Along with the long-awaited block-level dedupe, Simpana 8 introduces a single client for VMware ESX server and Microsoft's Hyper-V, which can be deployed at the host level rather than requiring a client on each guest.

Simpana adds block-level deduplication for disk and tape

Simpana 7 introduced file-level single instancing, but customers have called for block-level data deduplication in the backup application. Simpana 8 introduces global deduplication based at the Simpana host, so the deduplication can cut down on the amount of data written to disk and sent over the network. Simpana 8's dedupe works similarly to EMC Corp.'s Avamar and Symantec Corp.'s PureDisk.

The global deduplication with Simpana 8 also extends to tape, making it the first product of its kind to allow for writes to physical tape libraries without requiring reinflation of deduplicated data. "That's very appealing," said Paul Spotts, system engineer for Geisinger Health, a network of hospitals and clinics in central Pennsylvania. "We added a VTL [virtual tape library] because we were running out of capacity in our physical tape libraries, but we lease the VTL, so we're only allowed to grow so much per quarter."
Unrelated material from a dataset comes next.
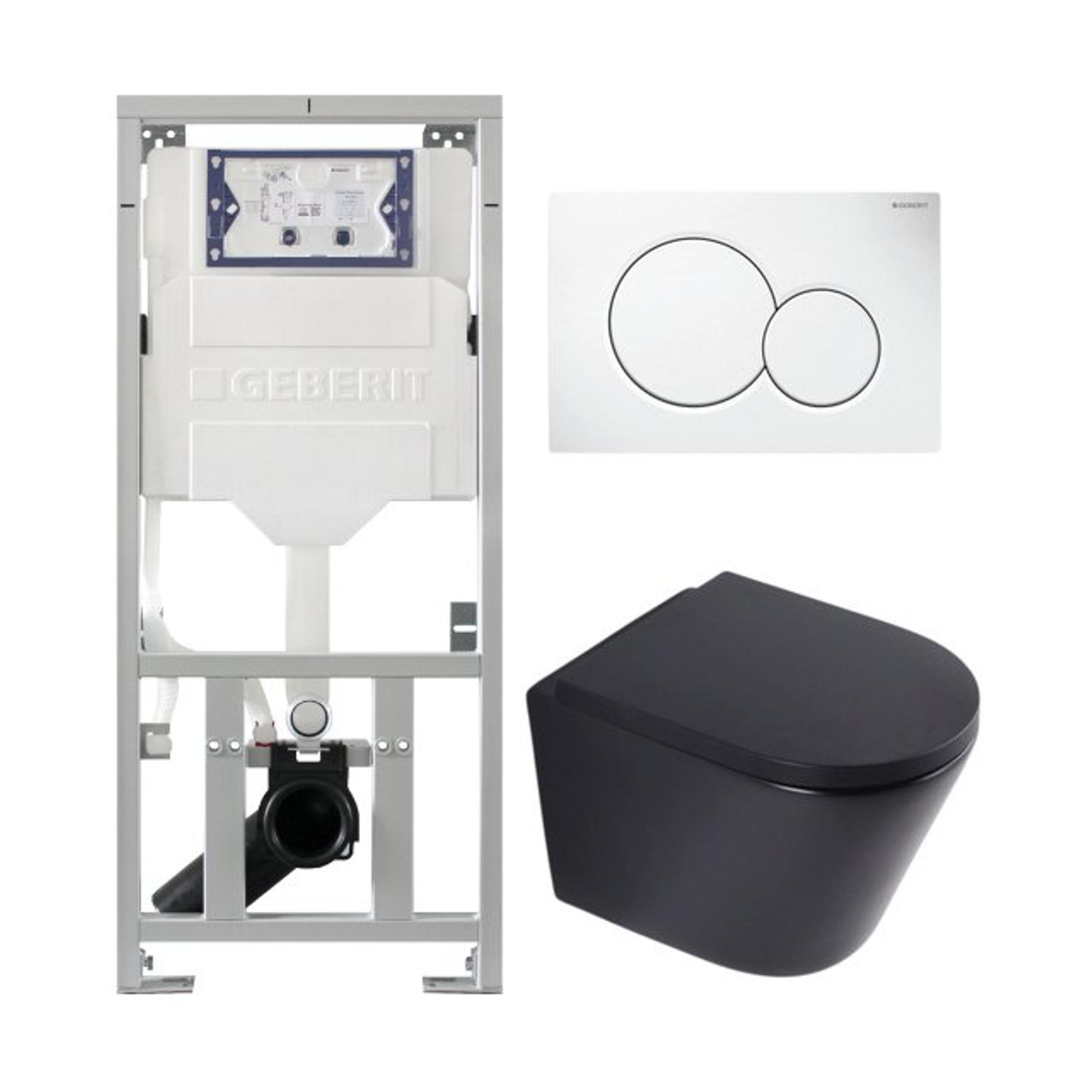 QeramiQ Dely Toiletset - Geberit UP320 inbouwreservoir - met Burda frame - witte bedieningsplaat - softclose toilet zitting 35 mm - mat zwart
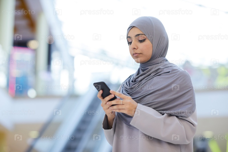 Ближневосточная женщина использует смартфон в современном городе

A new feature called SnapBackup in Simpana 8 adds new integration with storage arrays so that array-based snapshots can be managed according to Simpana policies and through Simpana's catalog. "It's basically consolidating in the backup catalog all the different backup copies a user can recover from," Enterprise Strategy Group analyst Lauren Whitehouse said. "So users don't have to try and track down the most recent copy from different sources."

Simpana 8 also adds the ability to incorporate workstations into the central backup policy, similar to products like IBM's CDP for Files, which automatically send changes to a central backup server when a desktop or laptop logs on to a company network. "The only thing that bothers me about that feature is that it doesn't include local journaling," Whitehouse said. "So if you make versions of a file while you're not connected to the network, you don't have a local version history." This is a feature that CDP for Files offers, Whitehouse said.

Like other backup products for VMware, Simpana 8 integrates with VMware's Consolidated Backup (VCB) API to allow virtual machine backups from a proxy server. The client and management interface for both VMware and Hyper-V hosts is the same, and VMware images can be restored to Hyper-V hosts and vice versa. Simpana 8 will also include an autodiscovery feature to add new virtual machines in the environment automatically to backup policies.